Question

(b) what is the ph of a solution containing 0.03m benzoic acid (pka 3.19) and 0.02m nabenzoate?

Answer 1

To calculate the pH of the solution containing 0.03 M benzoic acid and 0.02 M sodium benzoate, the Henderson-Hasselbalch equation is used with a pKa value of 3.19, resulting in a pH of approximately 3.0139.

Step-by-step explanation:

To calculate the pH of a solution containing 0.03 M benzoic acid and 0.02 M sodium benzoate, we can use the Henderson-Hasselbalch equation, which is given as:

pH = pKa + log([A-]/[HA])

Where [A-] represents the concentration of the conjugate base (sodium benzoate) and [HA] represents the concentration of the acid (benzoic acid).
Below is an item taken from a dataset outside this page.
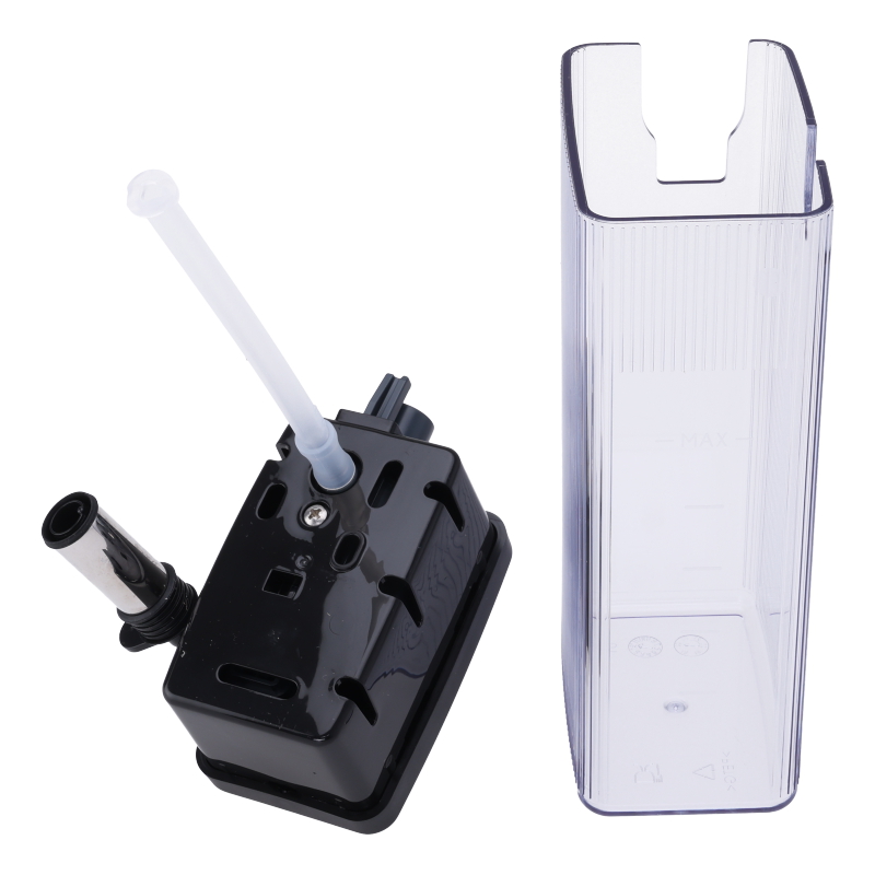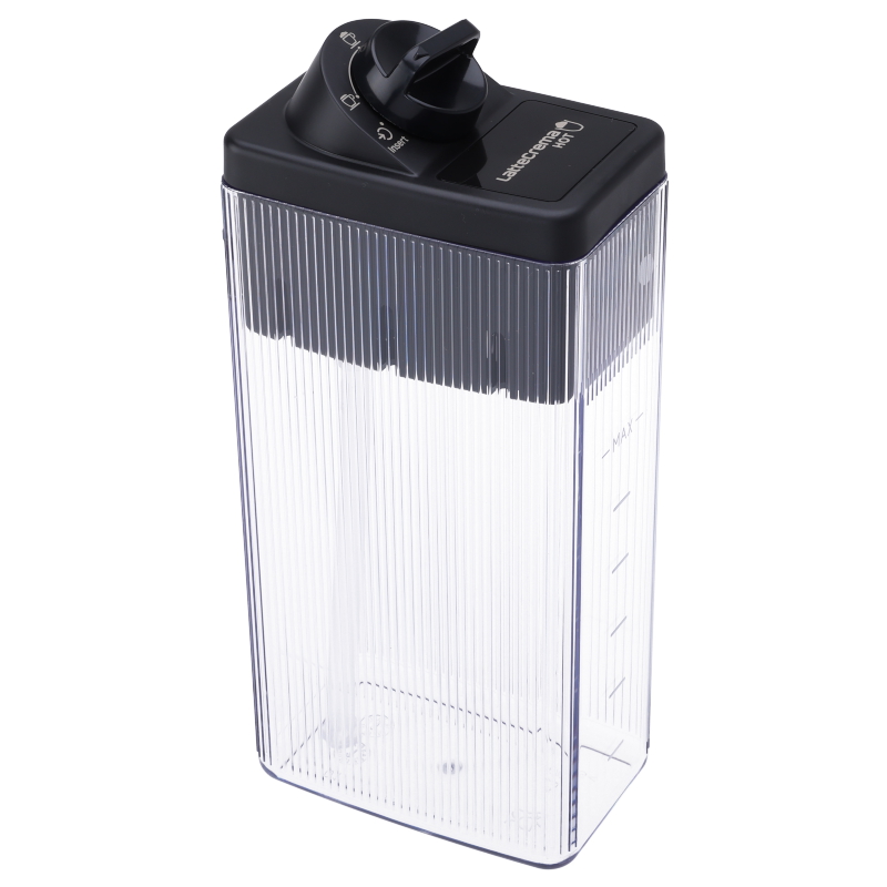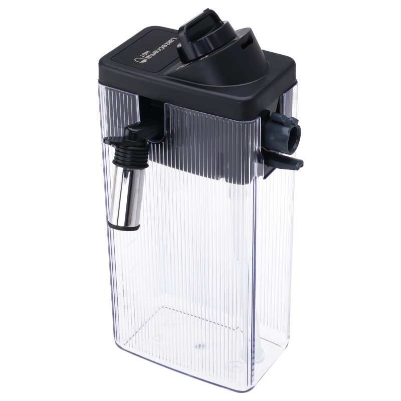 Kompletny zbiornik do mleka do ekspresu DeLonghi ECAM 380.95.TB Dinamica Plus. Zestaw zawiera pojemnik, pokrywę oraz wbudowany system do spieniania mleka, rurę ssącą i dyszę wylotową. Część oryginalna, gotowa do użytku.

Given that the pKa of benzoic acid is 3.19, we can substitute the values into the equation:

pH = 3.19 + log(0.02/0.03)

Calculating the log(0.02/0.03) gives us a value of approximately -0.1761. When added to the pKa value of 3.19:

pH = 3.19 - 0.1761

Therefore, the pH of the solution is approximately 3.0139.

Answer 2

Answer is: pH of solution is 3,02.
c(benzoic acid) = 0,03 mol/dm³.
c(sodium benzoate) = 0,02 mol/dm³.
pKa(benzoik acid) = 3,19.
pH = ?
Henderson–Hasselbalch equation for buffers: pH = pKa + log(cs/ck)
pH = 3,19 + log(0,02/0,03)
pH = 3,19 - 0,176
pH = 3,02.
cs - concentration of acid.